For example, if the bundle 0 (30-1) is assigned to computer 1 (1-21) with exclusive writing privilege, only computer 1 (1-21) exclusively save data on the bundle 0 (30-1) and all other computers 2 to k (1-22, 1-25) can read the saved data, enabling all the computers 1 to k (1-21, 1-22, 1-25) to share the data saved by computer 1 (1-21).

Below is an example program snippet that illustrates a case of saving data on an allocated bundle. In the program below, it is assumed that the name of partition (7-1) is /dev/sda. In addition, it is also assumed that bundle 0 (30-1) consists of 50 consecutive sectors that start from byte number 0 of the disk (7-1).

#define SECTOR_SIZE 512

int size = 4000;

char *buf[size];

int offset = SECTOR_SIZE * 10;

memset(buf, '0', size);

(1)int fd = open("/dev/sda", O_RDWR);

(2)lseek(fd, offset, SEEK_SET);

(3)write(fd, buf, size);

(4)lseek(fd, offset, SEEK_SET);

(5)read(fd, buf, size);

In line (1) of the above program, the name of the whole disk partition, /dev/sda, is passed to open system call as the first argument. Operating system treats not only the file created through the file system but also the storage device itself as a file, i.e., a device file. Operating system allows to use conventional system calls, including write and read system calls on the device file by treating it the same as a file created through the local file system. lseek() of program line (2) is a system call that repositions file offset to read or write the opened file, and the second argument of lseek()is set as the starting point of the input and output operation of the file. In the above example program, the value of the offset is 512 * 10 bytes, or 5120 bytes. SEEK_SET is the whence value that specifies the offset points not to a relative value but rather to an absolute byte address location that starts from the very beginning of disk partition (7-1). Therefore, line (3) is commanding 4,000 bytes of data on the array buf to be saved starting from the 11th sector of the disk partition (7-1).
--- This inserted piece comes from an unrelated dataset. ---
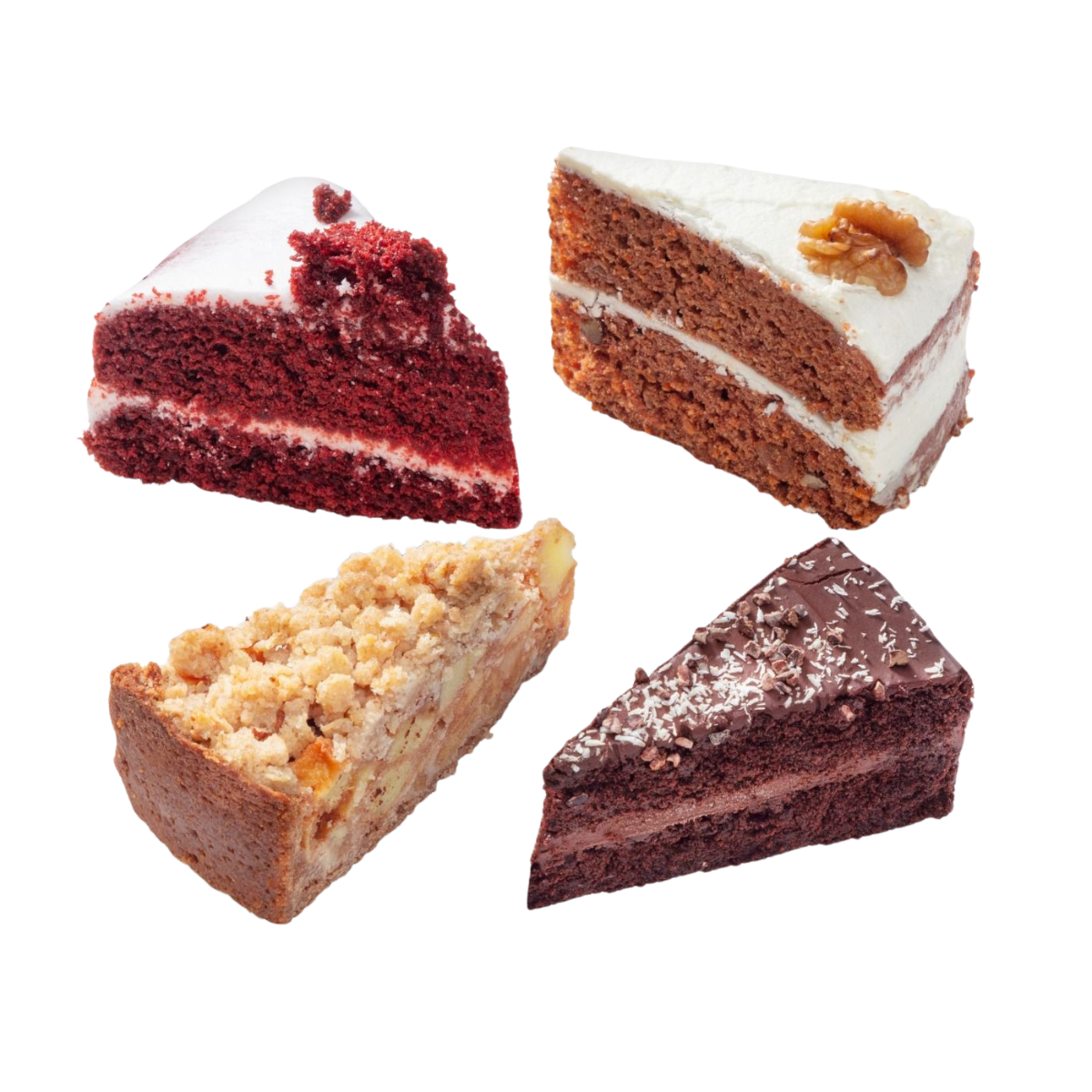 Onze gebakcollectie zit bomvol lekkers: van kleurrijke cupcakes tot klassieke puntjes taart. Maak je keuze op smaak, vorm of aantal personen. Voor ieder wat wils!

Program line (5) is to read the 4,000 byes of data that was written in line (3). In order to read the data saved starting at byte address 5210 that was written in line (3), lseek system call is invoked in line (4) to turn the offset back to the location where the 4,000 bytes of data saved by program line (3) starts; then read system call in program line (5) is invoked to read 4,000 bytes of data that had been written in line (3) beginning on byte 5210 of the disk partition (7-1).

Lines (4) and (5) of the example program above can serve as a program that is executed when a process in a computer, e.g., computer k (1-25) wants to read the data saved by another computer, e.g., computer 1 (1-21). Following example program reads data from the disk partition (7-1) of 4,000 bytes starting from the 11th sector of the disk that are within bundle 0 (30-1).

#define SECTOR_SIZE 512

int size = 4000;

char *buf[size];

int offset = SECTOR_SIZE * 10;

memset(buf, '0', size);

(1)int fd = open("/dev/sda1", O_RDONLY);

*(2)lseek(fd, offset, SEEK_SET);

(3)read(fd, buf, size);

The data sharing method of FIG. 7 prevents computers from arbitrarily writing on disk sectors and damaging the data by allocating bundles in exclusive manner, that is, allocating a bundle to one and only one computer with exclusive right to write on it and having each computer store data on disk sectors in the bundle over which it has the exclusive writing privilege and allowing other computers to read data in the bundle.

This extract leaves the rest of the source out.